### TASK OBJECTIVE:
Transcribe, exactly and without pictures, the lines below from the line with "WOJTUSIAK Roman J." to the line with "A close-up impasto", both ends included, and no others.

### EXERCISE MATERIAL:
************

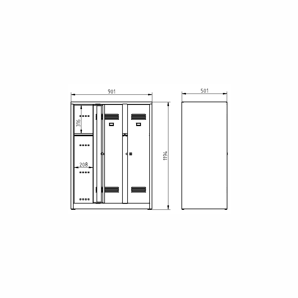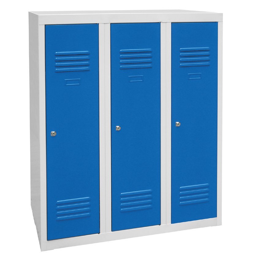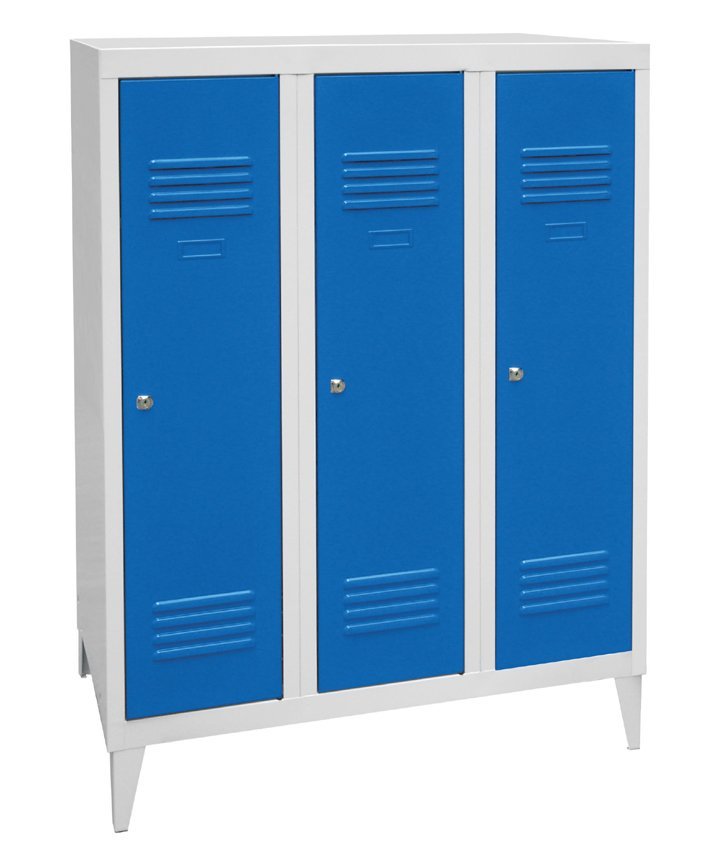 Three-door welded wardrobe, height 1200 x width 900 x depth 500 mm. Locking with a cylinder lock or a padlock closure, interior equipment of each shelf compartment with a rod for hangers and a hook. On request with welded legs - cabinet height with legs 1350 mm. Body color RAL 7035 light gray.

************

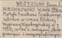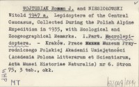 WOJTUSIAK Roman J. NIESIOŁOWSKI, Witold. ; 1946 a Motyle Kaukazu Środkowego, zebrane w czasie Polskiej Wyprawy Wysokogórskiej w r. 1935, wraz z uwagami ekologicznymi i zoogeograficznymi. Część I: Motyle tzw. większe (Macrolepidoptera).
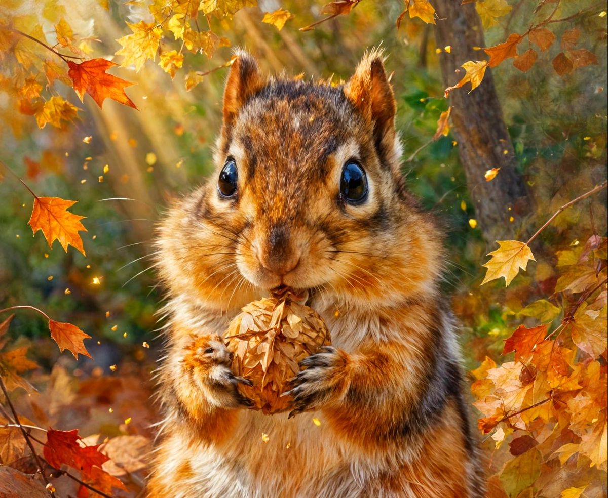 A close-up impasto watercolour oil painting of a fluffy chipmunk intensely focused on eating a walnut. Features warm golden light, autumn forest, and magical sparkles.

************

### REPLY:
 WOJTUSIAK Roman J. NIESIOŁOWSKI, Witold. ; 1946 a Motyle Kaukazu Środkowego, zebrane w czasie Polskiej Wyprawy Wysokogórskiej w r. 1935, wraz z uwagami ekologicznymi i zoogeograficznymi. Część I: Motyle tzw. większe (Macrolepidoptera).
 A close-up impasto watercolour oil painting of a fluffy chipmunk intensely focused on eating a walnut. Features warm golden light, autumn forest, and magical sparkles.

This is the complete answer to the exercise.